WHAT THIS TASK INVOLVES :: You are asked to copy the entire listing exactly, apart from its pictures.

STORED DATA ::
§

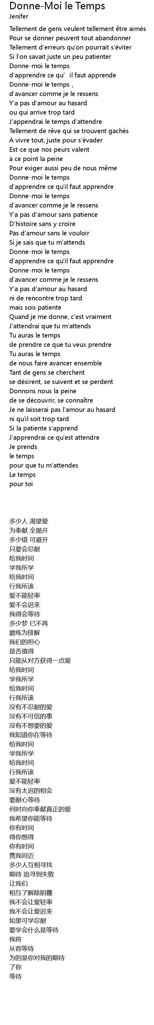 | [01:50.440] | Y' a pas d' amour sans patience |
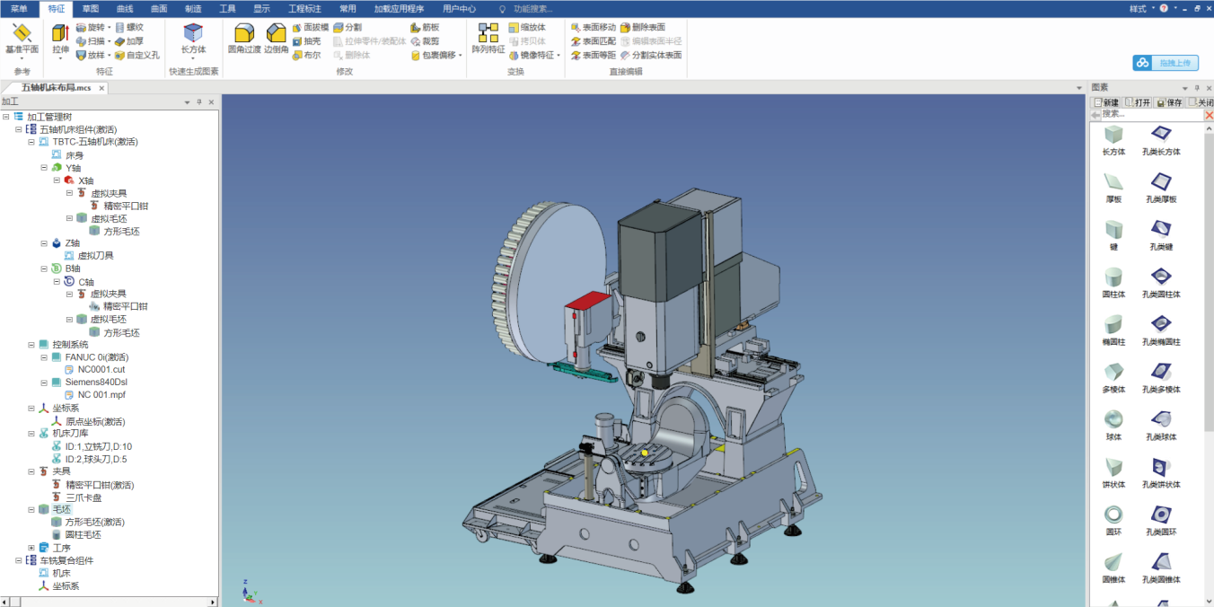 标准模块提供2~3轴铣削、钻削加工。多轴加工及车铣复合编程加工为选配模块。
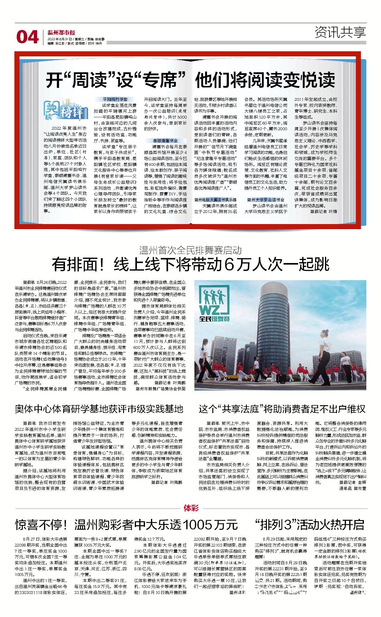 2022 年 度 温 州 市“让阅读点亮人生”身边的阅读榜样大型寻访活动八月份候选名单近日出 炉 ,单 位 、社 区(村居)、家庭、团队和个人等5个类别27个对象入选,其中包括平阳鸣竹学堂、泰顺清塵书会、温州 电 信 天 翼 读 书 俱 乐部、国产自拍罗山读书会等 4 个团队。今天我们来了解这四个小团队持续擦亮悦读品牌的故事。
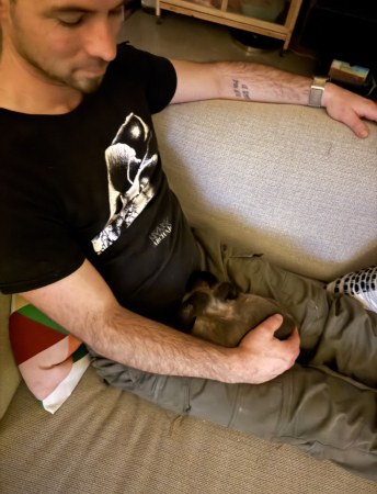 Elle est extrêmement câline et hier soir nous lui avons offert un moment social et papouilles dans le fauteuil: elle s’est endormie sur mon mari.

§

SOLUTION TO THIS EXERCISE ::
 | [01:50.440] | Y' a pas d' amour sans patience |
 标准模块提供2~3轴铣削、钻削加工。多轴加工及车铣复合编程加工为选配模块。
 2022 年 度 温 州 市“让阅读点亮人生”身边的阅读榜样大型寻访活动八月份候选名单近日出 炉 ,单 位 、社 区(村居)、家庭、团队和个人等5个类别27个对象入选,其中包括平阳鸣竹学堂、泰顺清塵书会、温州 电 信 天 翼 读 书 俱 乐部、国产自拍罗山读书会等 4 个团队。今天我们来了解这四个小团队持续擦亮悦读品牌的故事。
 Elle est extrêmement câline et hier soir nous lui avons offert un moment social et papouilles dans le fauteuil: elle s’est endormie sur mon mari.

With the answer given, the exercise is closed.